Et voici le secteur pavé souvent stratégique de Mons-en-Pévèle, agrémenté de quelques montées et descentes, plus quelques virages où il faut faire preuve de circonspection. On se souvient que Fabian Cancellara, maillot de champion de Suisse sur le dos, s'était envolé juste avant, sur un tronçon asphalté, sans lever le cul de la selle et dans une accélération qui avait alimenté une suspicion de moteur électrique bien planqué. Mystère. Mais voici que se profile une petite montée bien cassante où ce même Fabian a fait plus récemment un travers rendu célèbre par la prouesse technique de Peter Sagan sautant allègrement par-dessus « l'helvète on the ground »[1] et continuant tranquillement son chemin de l'autre côté. Curieusement, me voici dans ce secteur avec un anglophone revêtu du même maillot helvétique, mais il tient debout, celui-là.

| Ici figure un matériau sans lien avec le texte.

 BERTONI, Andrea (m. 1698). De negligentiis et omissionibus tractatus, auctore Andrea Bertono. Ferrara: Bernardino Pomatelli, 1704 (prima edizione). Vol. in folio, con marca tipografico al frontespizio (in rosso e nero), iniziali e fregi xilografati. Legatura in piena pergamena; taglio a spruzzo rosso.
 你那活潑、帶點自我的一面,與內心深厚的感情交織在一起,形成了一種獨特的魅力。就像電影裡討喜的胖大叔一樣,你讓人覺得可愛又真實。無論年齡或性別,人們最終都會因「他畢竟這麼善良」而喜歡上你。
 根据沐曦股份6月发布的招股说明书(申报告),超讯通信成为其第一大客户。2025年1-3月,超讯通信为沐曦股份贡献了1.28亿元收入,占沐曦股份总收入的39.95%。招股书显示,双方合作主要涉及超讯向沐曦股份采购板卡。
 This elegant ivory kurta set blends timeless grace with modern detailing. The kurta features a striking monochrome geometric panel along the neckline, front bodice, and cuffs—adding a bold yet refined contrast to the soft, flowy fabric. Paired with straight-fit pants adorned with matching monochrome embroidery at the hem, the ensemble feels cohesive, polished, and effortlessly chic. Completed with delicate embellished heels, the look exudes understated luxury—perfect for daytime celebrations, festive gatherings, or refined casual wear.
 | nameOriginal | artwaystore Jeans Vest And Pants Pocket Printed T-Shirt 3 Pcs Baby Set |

[1] Allusion au Velvet Underground de Lou Reed et Andy Warhol
La suite est un peu plus facile jusqu'à Bouvines avec des secteurs moins longs tels que le Pont-Thibault, le Moulin de Vertain. Les hameaux et villages traversés sont parfois assez pittoresques sous le soleil : belles maisons de brique, des fleurs partout. Où est donc passé l'enfer ? Arrive Bouvines, lieu de bataille historique mais aujourd'hui ravito à 32 km de l'arrivée. Michel retrouve d'anciens potes de l'Oise et je me fais poser par l'assistance médicale sur les paumes des mains, un peu échauffées malgré les gants, des compresses de gaze fixées par du sparadrap tout autour, formule qui s'avérera efficace par la suite. Un autre participant a moins de chance : des énormes ampoules aux mains, je me demande comment il va finir...

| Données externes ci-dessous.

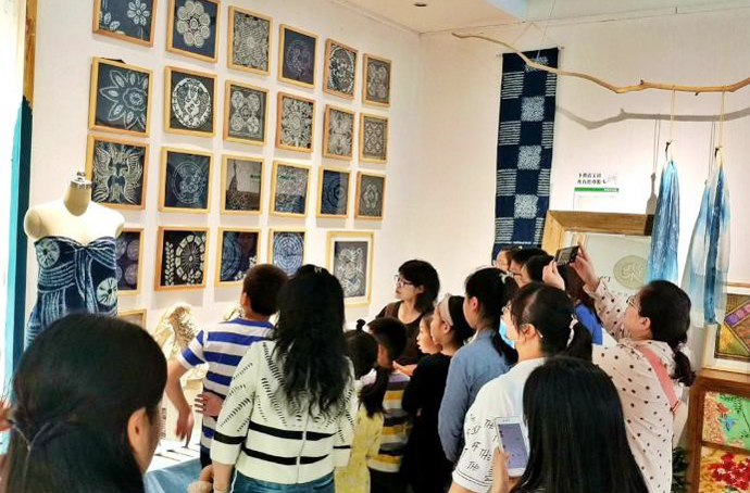 钱敏老师是淮安市传统扎染非遗项目代表性传承人。现为江苏省民间文艺家协会会员、淮安市民间文艺评论家协会理事、清江浦区非遗协会副会长。她出生于绘画织染艺术世家,在淮阴师范学院美术学院传承教学扎染技艺已27年,长期致力于非物质文化遗产传承及推广工作。钱敏老师遵循传统技艺的同时不断进行创新,致力于让“非遗”走进现代人的生活中,她创立“蓝印工坊”工作室,面向市民开展传统文化体验活动,提升人们对植物染文化的了解和兴趣。推出扎染技艺体验、扎染系列课程培训等项目,面向社会宣传推广非遗文化,每年参加国内、国际各项展览,让世界各国人民近距离感受运河之都的非遗魅力。
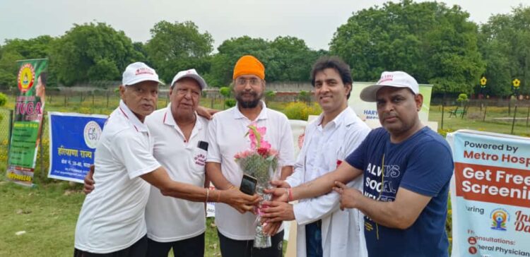 खबरेंNcr रिपोर्टर पंकज अरोड़ा फरीदाबाद: 21 जून, पूरे भारत में विश्व योग दिवस मनाया जा रहा है वंही इस अवसर पर रोज गार्डन एनआईटी फरीदाबाद में भी योग दिवस के कार्यक्रम का आयोजन किया गया जिसमें समाजसेवी सरदार परविंदर सिंह को उनके द्वारा रोज गार्डन में जो सफाई अभियान चलाकर उसे साफ सुथरा किया उसके लिए उन्हें पुष्पगुच्छ भेंट कर सम्मानित किया।
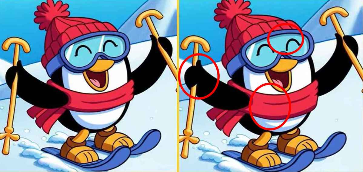 ছবি দুটি তুষার রাজ্যে স্কি করতে ব্যস্ত এক পেঙ্গুইনের। বরফের মজা তাড়িয়ে তাড়িয়ে উপভোগ করছে সে। তার চোখে স্কি করার রোদ চশমা। মাথায় লাল উলের টুপি। গলায় টুকটুকে লাল গরম মাফলার। আনন্দে দু'হাত তুলে হাসছে ওই পেঙ্গুইন। আপাত দৃষ্টিতে হুবহু এক এই দুটি দৃশ্যেই লুকিয়ে তিনটি পার্থক্য।
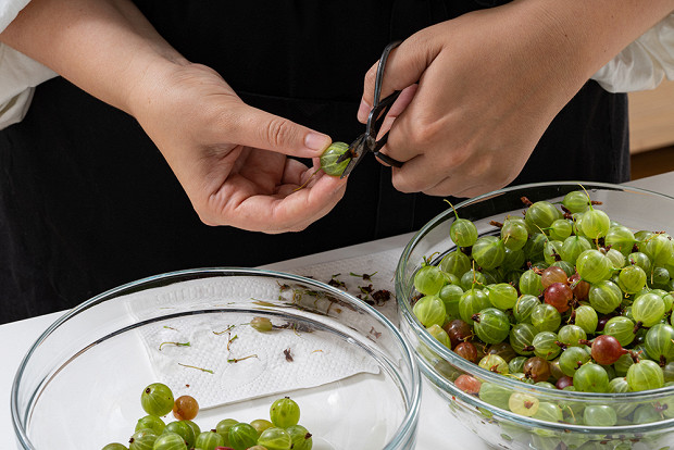 Крыжовник промойте, обсушите, разложив на полотенце, отрежьте хвостики и плодоножки.
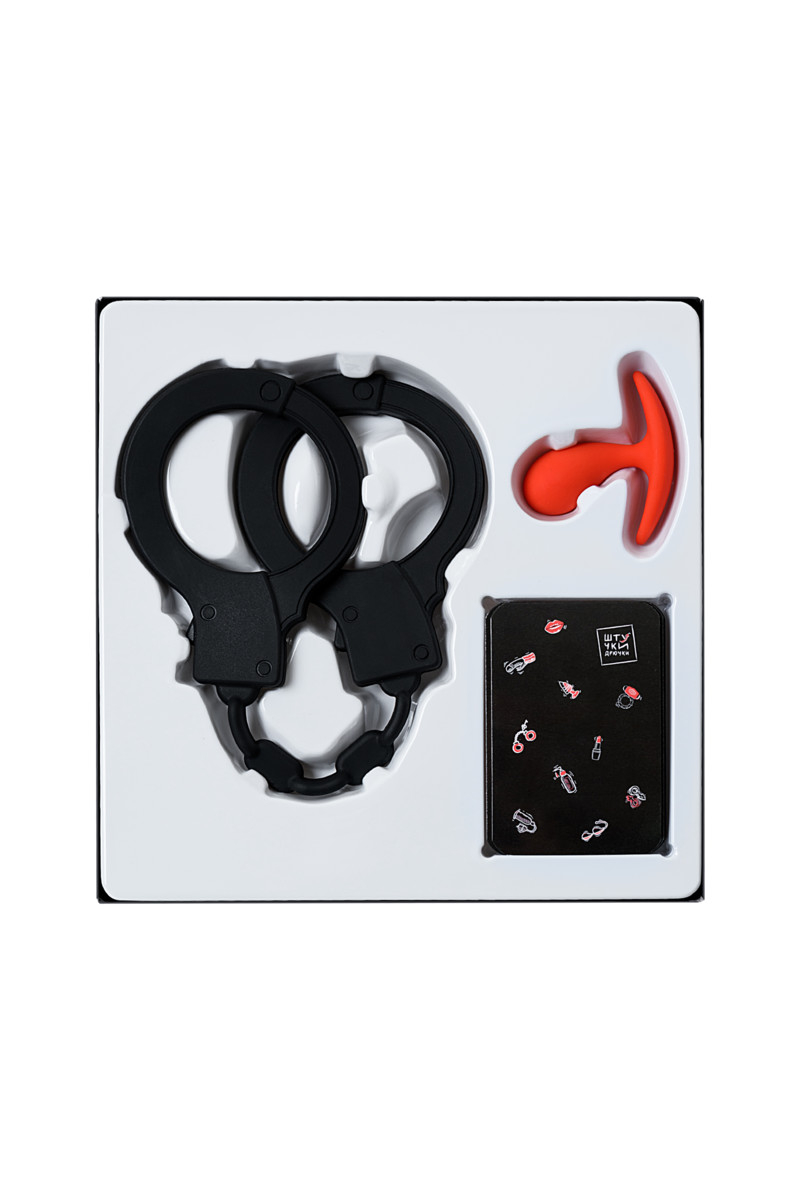 В стильной коробке есть все, чтобы провести время с удовольствием: качественные аксессуары: наручники и анальная пробка из медицинского силикона, плюс 36 карточек со сценариями для нескучного времяпрепровождения.
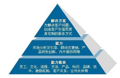 解決方案導(dǎo)向型企業(yè)在整個(gè)經(jīng)營(yíng)過(guò)程中積極倡導(dǎo)上述觀念,并在向客戶的服務(wù)過(guò)程中身體力行,這需要企業(yè)具備哪些核心的能力,這些能力又該如何獲取呢?看看下圖中的解決方案型企業(yè)能力金字塔:
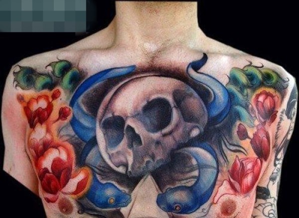 男人前胸时尚很酷的骷髅纹身图案
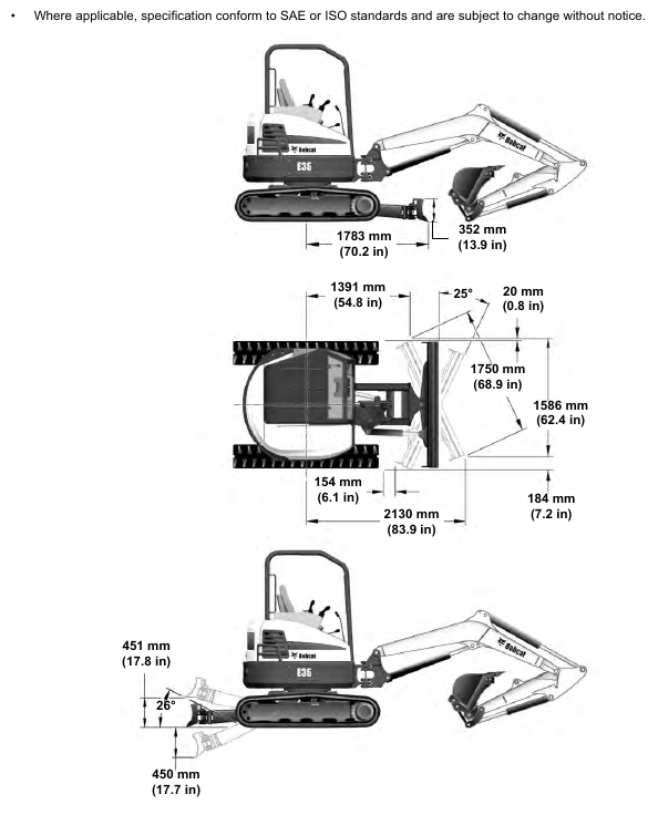 Posted on October 8, 2023 by Jack BobCat E35 – EXCAVATOR SPECIFICATIONS – E35 Excavator Machine Dimensions – Angle Blade
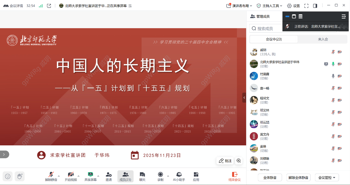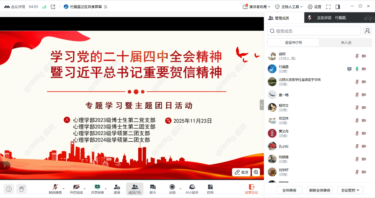 2025年11月23日晚9:00,心理学部2023级博士生第二党支部、2023级博士生第二团支部、2023级学术硕士第二团支部和2024级学术硕士第二团支部于线上联合开展党的二十届四中全会精神和习近平总书记重要贺信精神专题学习活动,本次学习共有24位同学参加。
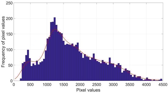 MOD09GQ band2 (wavelength: 841–876 nm, resolution: 250 m) datasets were used to establish time series to estimate the ice cover situation of the Slave River []. Different pixel values in the MODIS images represent different backscatters to which threshold values are applied to distinguish water from ice. By creating the histogram, the distribution of pixel values for each image can be determined. Clear water provides little backscatter signal to the satellite since it absorbs longer wavelengths and the reflected shorter wavelengths tend to scatter in the air. Hence, longer wavelengths appear more sensitive to the difference between water and ice. Since MOD09GQ band2 is longer in wavelength than band1, it has been chosen for our ice phenology research. A heat balance calculation based on upstream river temperature may help determine how much ice is melting and moving respectively. This calculation requires more extensive field sampling and can be addressed in future work. Due to this characteristic of clear water, it appears dark on MODIS imagery. On the other hand, ice provides more reflectance and appears lighter than clear water on the MODIS imagery []. This difference leads to the significantly different pixel values in the MODIS imagery. Pixel values, with only one feature variable (a pixel is either ice or water), are normally distributed. Theoretically, a mixture of two normal distributions forms a bimodal distribution. Figure 3 shows an example of the MODIS pixel-value distribution from 17 November 2002. On that day, both ice and water appear in the river, so that two distinct peaks (local maxima) representing ice and water can be found in the histogram, which is consistent with the bimodal distribution theory. There is a big difference between the pixel values of the ice and water, and a value separating the two establishes the threshold. On cloudy days, backscatter values are difficult or even impossible to attain. Hence ice volumes for those days have to be interpolated between clear-day images []. The algorithm Harmonic Analysis of Time Series (HANTS) was used to replace cloud-contaminated pixels with Fourier series values from MODIS images []. After interpolation, pixel values change so that another threshold must be applied to the interpolated images. Applying the threshold to the MODIS image pixel-value distributions, percentages of water and ice can be measured as well as ice volumes. During the ice breakup period, the diminishing ice of the upstream reach is considered to be inflowing ice at the downstream ice jam. We do make allowance for the recession of the ice front by tracking the location of the ice front at a daily time resolution using the MODIS imagery. Ice motion velocities in the year 2000–2015 were approximately 48–100 km/day. Based on the ice front movement, inflowing ice can be tracked. One point of uncertainty is that not all of the ice downstream of the ice front may be moving; rather, some could be melting while stationary, due to warm inflow river water. However, it is very difficult or perhaps impossible to distinguish how much ice has moved from upstream to the delta, as opposed to just melting before the next image was acquired. A shorter time interval between image acquisitions would be necessary.

A Cysoing, on entre dans la dernière portion stratégique de l'itinéraire : le pavé de la Vache Bleue (race locale), Bourghelles, Wannehain, et Camphin-en-Pévèle. Là démarre le sommet des pavés, l'oeuvre absolue, le champ de bataille héroïque : le secteur de l'Arbre. Haut du pavé hérissé comme le dos d'un stégosaure, bas-côtés défoncés ; accroche-toi le cycliste, la rédemption est au bout, le café de l'Arbre ! Finalement, on y arrive sans trop de mal et on serait presque déçu que les deux derniers secteurs restants soient nettement plus faciles. Enfin pas tant que cela pour le dernier à Hem, les nids de poule s'y disputant avec les pavés disjoints. Jusque là, on n'a eu aucun souci, ni physique, ni technique, zéro crevaison : vive les « gros » pneus gonflés à 4 bars, qui ne sont pas si pénibles que ça à emmener sur l'asphalte. Pas comme les gros pneus crantés sur les VTT de certains participants, peu efficaces en dehors des pavés...

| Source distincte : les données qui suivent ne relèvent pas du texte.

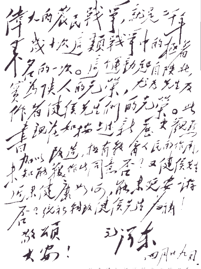 《永昌演义》前数年为多人所借阅;近日鄙人阅读一过,获益良多。并已抄存一部,以为将来之用。作者李健侯先生经营此书,费了大力,请先生代我向作者致深切之敬意。此书赞美李自成个人品德,但贬抑其整个运动。实则吾国自秦以来二千余年推动社会向前进步者主要的是农民战争,大顺帝李自成将军所领导的伟大的农民战争,就是二千年来几誓词这类战争中的极著名的一次。这个运动起自陕北,实为陕人的光荣,尤为先生及作者健侯先生们的光荣。此书现在如按上述新历史观点加以改造,极有教育人民的作用,未知能获作者同意否?又健侯先生近来健康如何,能来延安一游否?统祈转致健侯先生为祷!
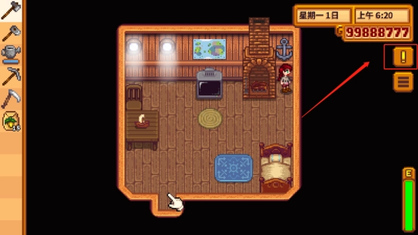 7、走出房间后可以在附近开始开荒,左侧是工具栏
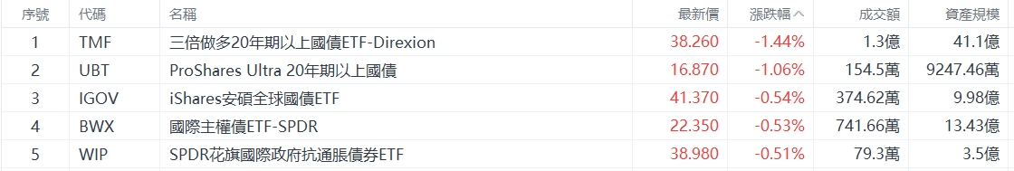 美股ETF跌幅榜Top5
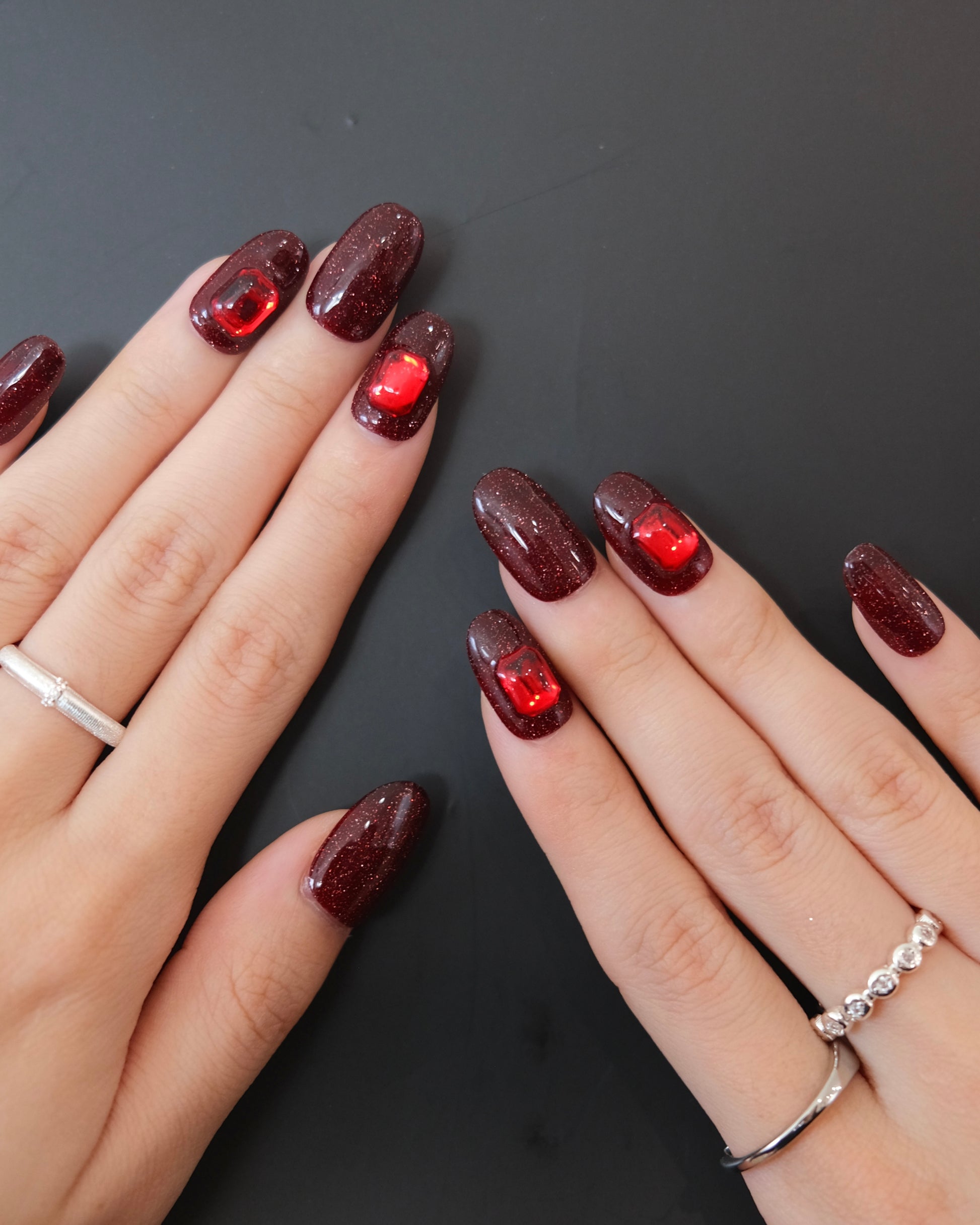 BUYRII X H² Short Oval Square Ruby Shiny Memory Press On Nails
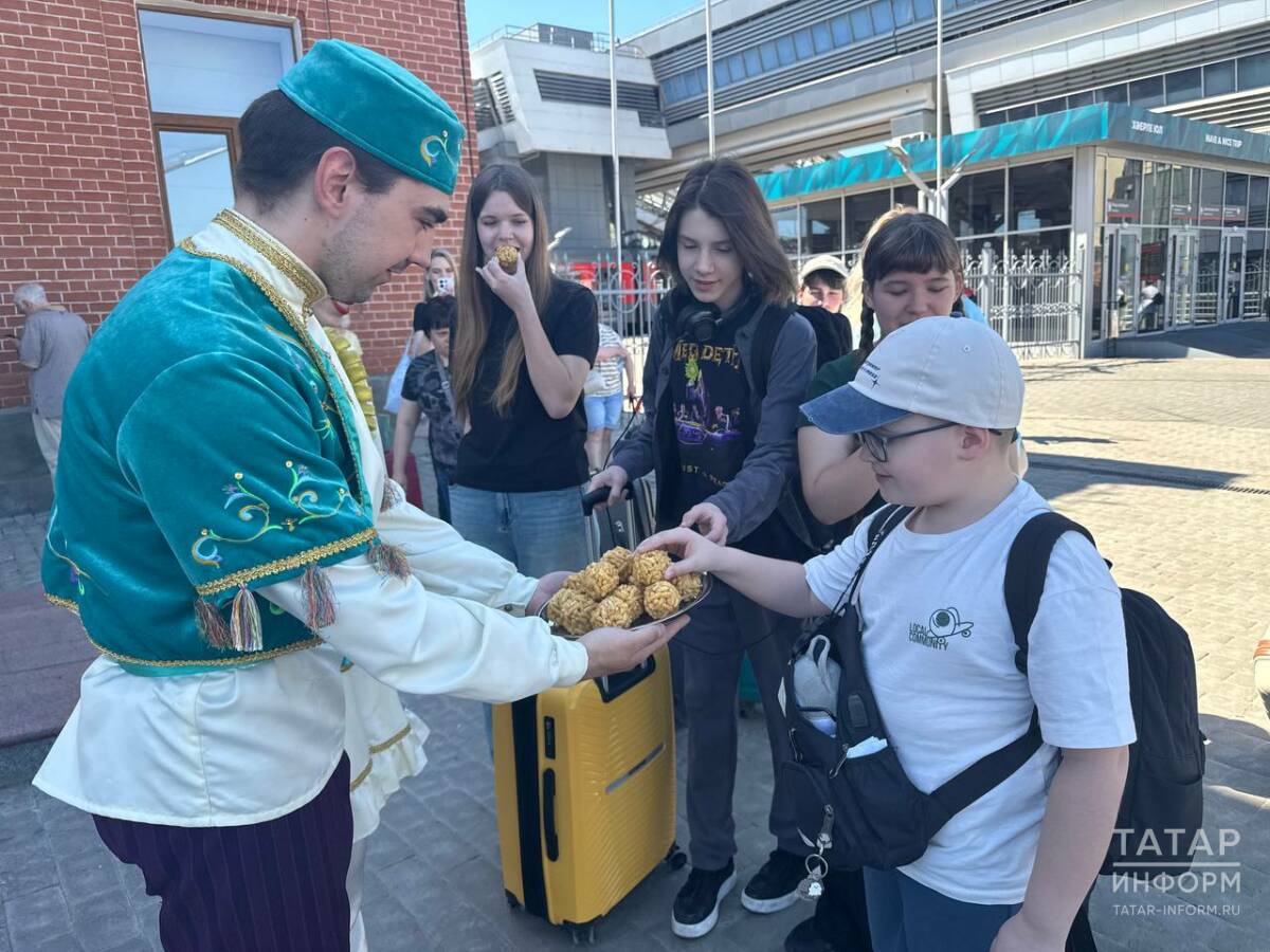 28 мая на Казанский вокзал прибыли участники конкурса «Родники.Дети» из Московской области, Чувашской Республики и Воронежа. Встречали гостей с настоящим татарским гостеприимством: участники шоу-балета «Кристал» поприветствовали участников и угостили детей традиционным чак-чаком.

Nous arrivons maintenant dans les faubourgs de Roubaix, un dernier faux-plat montant (où avait démarré opportunément Servais Knaven, un outsider, parti chercher une belle victoire au nez et à la barbe des favoris), une légère descente, un vrai billard, et voici le seul, l'unique, l'authentique : le vélodrome. Youpi, on y est, la cloche à l'entrée, un petit paquet de spectateurs, quelques encouragements et on se paie le luxe d'un sprint sur la ligne, bord opposé !
Bon, ben, finalement, on y est arrivé sans coup férir, c'est cool. Direction la buvette, bière locale et frites bien méritées. Michel va chercher son pavé-souvenir qu'il va falloir rapporter à notre logement distant d'une douzaine de kilomètres que nous allons bien sûr faire à vélo sur une piste cyclable presque plate, entre tram et boulevard dans la torpeur d'un dimanche après-midi. Récupération idéale.
Et nous revoici dans l'appartement pour une bonne bouffe de « conquérants de l'inutile ». On se promet de revenir pour le Tour des Flandres cyclo l'an prochain, histoire de tâter cette fois du pavé en pente de l'autre côté de la frontière belge mais à deux pas de là : Paterberg, Taaienberg, Vieux-Quaremont, Koppenberg, etc., par-delà la frontière un peu artificielle de la compétition. Exotique. Le vélo, c'est d'abord une culture et une histoire qu'il faut honorer. Honorons, honorons le choix de si belles[1]... classiques cyclistes.
[1] Citation détournée d'un air de l'opéra Atys de Jean-Baptiste Lully...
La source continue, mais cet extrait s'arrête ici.